[Dataset records]
_ _ _ _ _ _ _
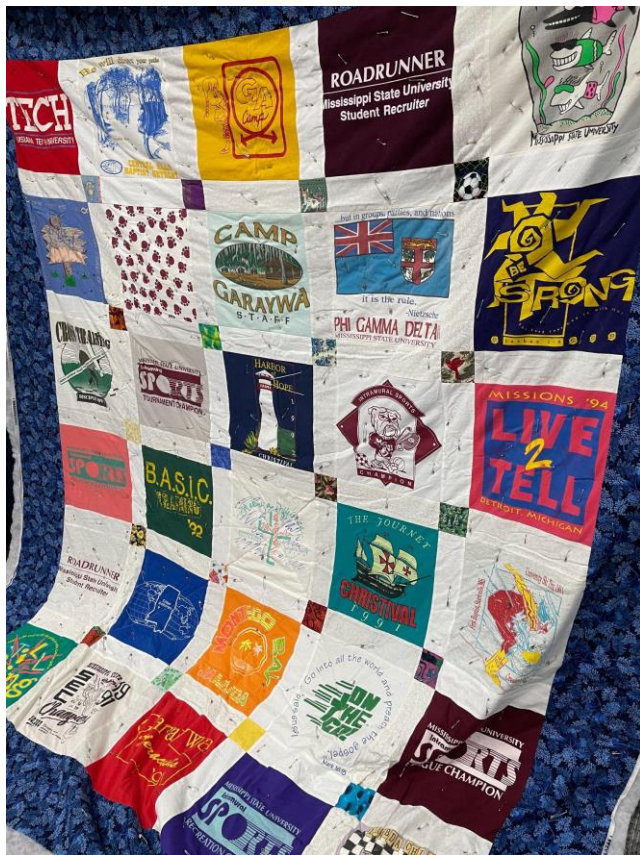
University Quilt for Donation
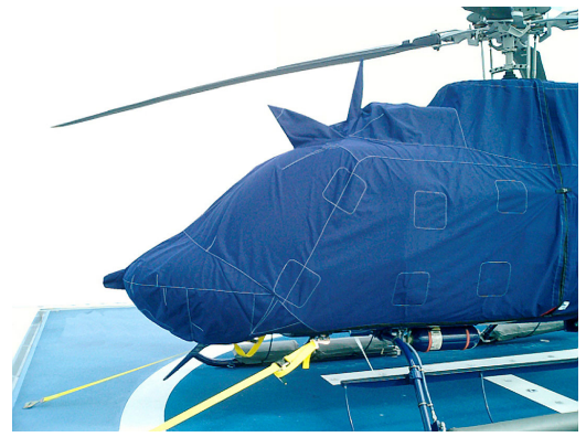
206B/206L/407 Full Body Cover
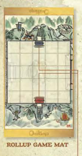
TEMPLE ARCH SQUARES
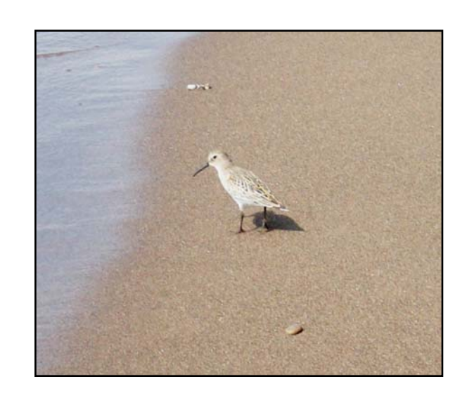
Photo of a Western Sandpiper at Point Pelee, Canada on September 20, 2009
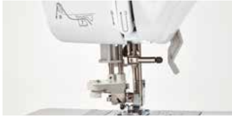
Advanced needle threading system
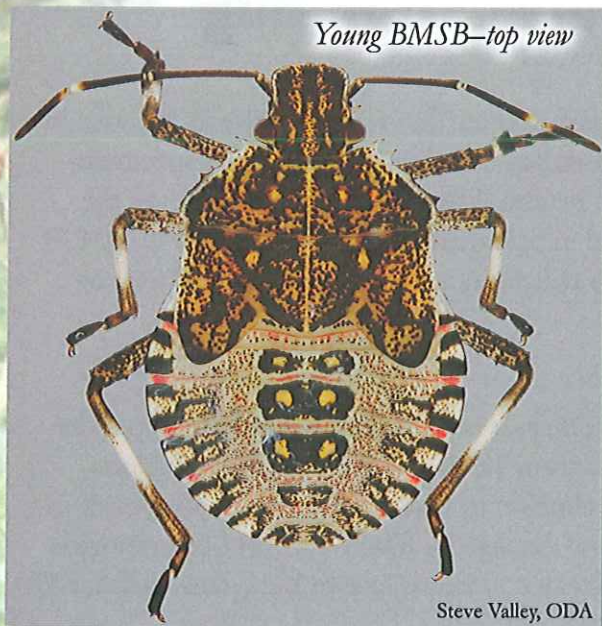
Young BMSB—top view
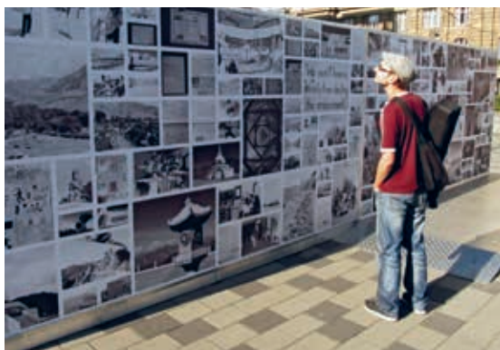
THE LA NGONPO TOURING EXHIBITION IN BRNO, CZ, SEPTEMBER 2012

Then, the exhibition moved to Prague where it could be seen in the upper part of the Wenceslas
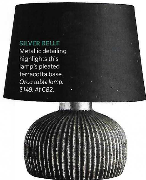
SILVER BELLE Metallic detailing highlights this lamp's pleated terracotta base. Orca table lamp. $149. At CB2.

✓ TAKING TURNS With or without blooms, a curvy glass vase hits all the right notes. Alfredo vase by Alfredo Häberli for Georg Jensen. $248. At Torp.
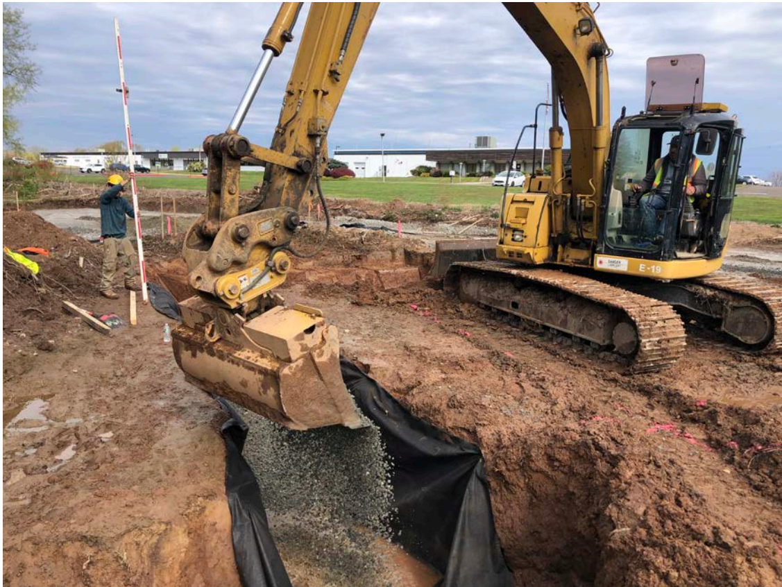
Picture 1: Ludlow placing ¾" gravel on top of geofabric as they prepare the ground for the installation of the footings and frost walls associated with the booster station that will be placed at Station 750+63. View to the northwest.
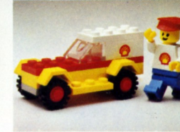
604 Shell service car
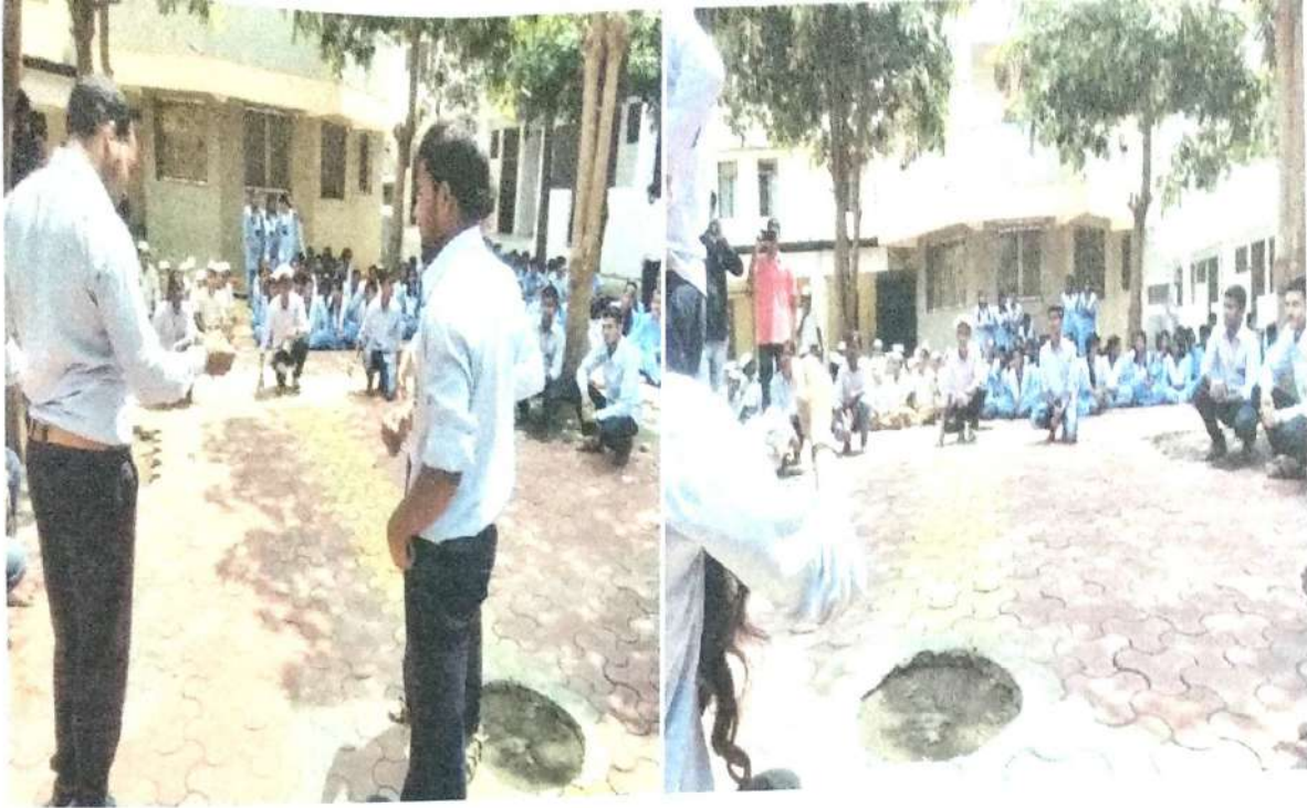
Students have performed street play at Khandala

On tenth & eleventh day we reached at Baneshwar, we cleaned area of Baneshwar Udyan where different reserves of different animals and birds are there. Baneshwar Udyan is one of the Tourist place of Maharashtra which is famous for Baneshwar Waterfall. On tenth and we cleaned area of Baneshwar Udyan. On eleventh we had played street play performance over there for Clean India Campaign to achieve mission of open-defecation free.
_ _ _ _ _ _ _
### Prompt
Copy the data above word for word. Pictures stay out.

### Exercise solution
University Quilt for Donation
206B/206L/407 Full Body Cover
TEMPLE ARCH SQUARES
Photo of a Western Sandpiper at Point Pelee, Canada on September 20, 2009
Advanced needle threading system
Young BMSB—top view
THE LA NGONPO TOURING EXHIBITION IN BRNO, CZ, SEPTEMBER 2012

Then, the exhibition moved to Prague where it could be seen in the upper part of the Wenceslas
SILVER BELLE Metallic detailing highlights this lamp's pleated terracotta base. Orca table lamp. $149. At CB2.

✓ TAKING TURNS With or without blooms, a curvy glass vase hits all the right notes. Alfredo vase by Alfredo Häberli for Georg Jensen. $248. At Torp.
Picture 1: Ludlow placing ¾" gravel on top of geofabric as they prepare the ground for the installation of the footings and frost walls associated with the booster station that will be placed at Station 750+63. View to the northwest.
604 Shell service car
Students have performed street play at Khandala

On tenth & eleventh day we reached at Baneshwar, we cleaned area of Baneshwar Udyan where different reserves of different animals and birds are there. Baneshwar Udyan is one of the Tourist place of Maharashtra which is famous for Baneshwar Waterfall. On tenth and we cleaned area of Baneshwar Udyan. On eleventh we had played street play performance over there for Clean India Campaign to achieve mission of open-defecation free.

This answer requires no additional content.